**WHAT THE TASK REQUIRES**
For every entry, reproduce the wording exactly and omit any image it holds.

**DATA TO EXAMINE**
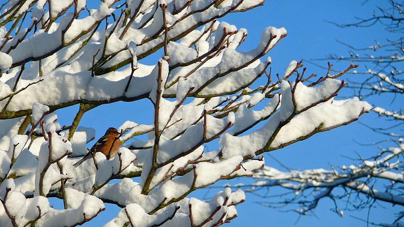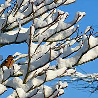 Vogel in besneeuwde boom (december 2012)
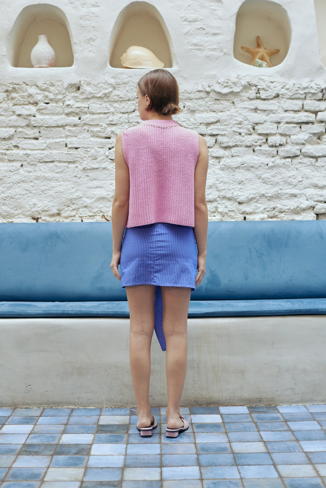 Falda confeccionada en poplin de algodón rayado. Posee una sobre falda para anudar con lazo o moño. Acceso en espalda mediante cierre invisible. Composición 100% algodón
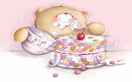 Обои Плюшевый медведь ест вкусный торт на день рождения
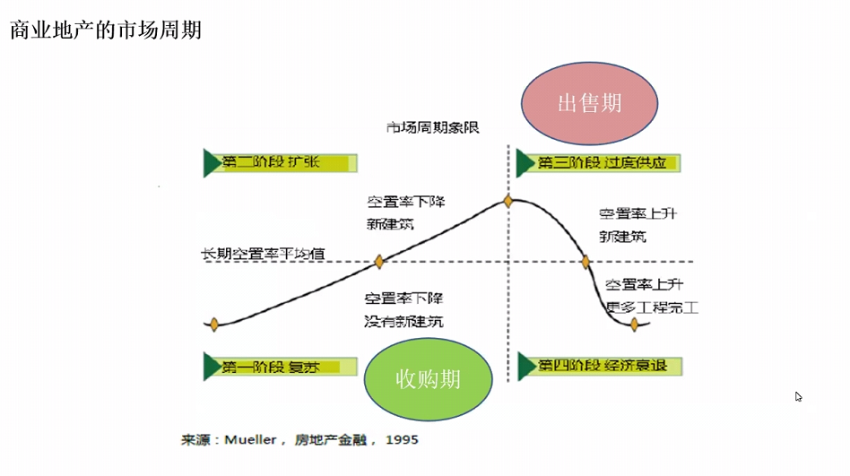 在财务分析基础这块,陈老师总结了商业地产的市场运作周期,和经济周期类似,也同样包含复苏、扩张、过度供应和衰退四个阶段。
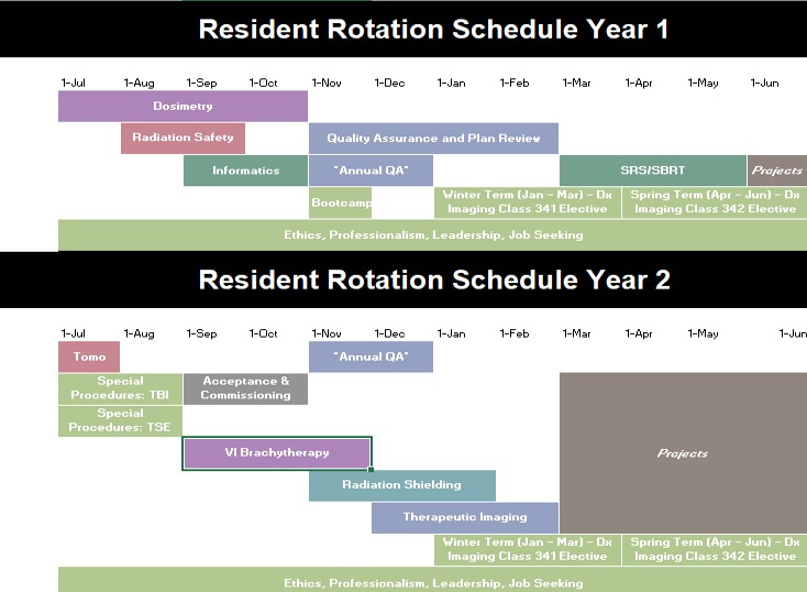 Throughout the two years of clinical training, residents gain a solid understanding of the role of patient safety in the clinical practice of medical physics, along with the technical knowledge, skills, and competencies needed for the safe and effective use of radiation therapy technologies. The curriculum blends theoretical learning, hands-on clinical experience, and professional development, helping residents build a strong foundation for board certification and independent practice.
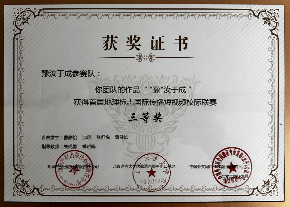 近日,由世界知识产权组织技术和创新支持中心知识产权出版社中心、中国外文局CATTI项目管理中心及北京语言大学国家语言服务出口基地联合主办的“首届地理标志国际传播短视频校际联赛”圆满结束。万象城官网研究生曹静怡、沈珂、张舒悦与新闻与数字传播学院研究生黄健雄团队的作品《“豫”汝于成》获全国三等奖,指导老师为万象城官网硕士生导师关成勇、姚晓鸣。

**RESPONSE TO THE TASK**
 Vogel in besneeuwde boom (december 2012)
 Falda confeccionada en poplin de algodón rayado. Posee una sobre falda para anudar con lazo o moño. Acceso en espalda mediante cierre invisible. Composición 100% algodón
 Обои Плюшевый медведь ест вкусный торт на день рождения
 在财务分析基础这块,陈老师总结了商业地产的市场运作周期,和经济周期类似,也同样包含复苏、扩张、过度供应和衰退四个阶段。
 Throughout the two years of clinical training, residents gain a solid understanding of the role of patient safety in the clinical practice of medical physics, along with the technical knowledge, skills, and competencies needed for the safe and effective use of radiation therapy technologies. The curriculum blends theoretical learning, hands-on clinical experience, and professional development, helping residents build a strong foundation for board certification and independent practice.
 近日,由世界知识产权组织技术和创新支持中心知识产权出版社中心、中国外文局CATTI项目管理中心及北京语言大学国家语言服务出口基地联合主办的“首届地理标志国际传播短视频校际联赛”圆满结束。万象城官网研究生曹静怡、沈珂、张舒悦与新闻与数字传播学院研究生黄健雄团队的作品《“豫”汝于成》获全国三等奖,指导老师为万象城官网硕士生导师关成勇、姚晓鸣。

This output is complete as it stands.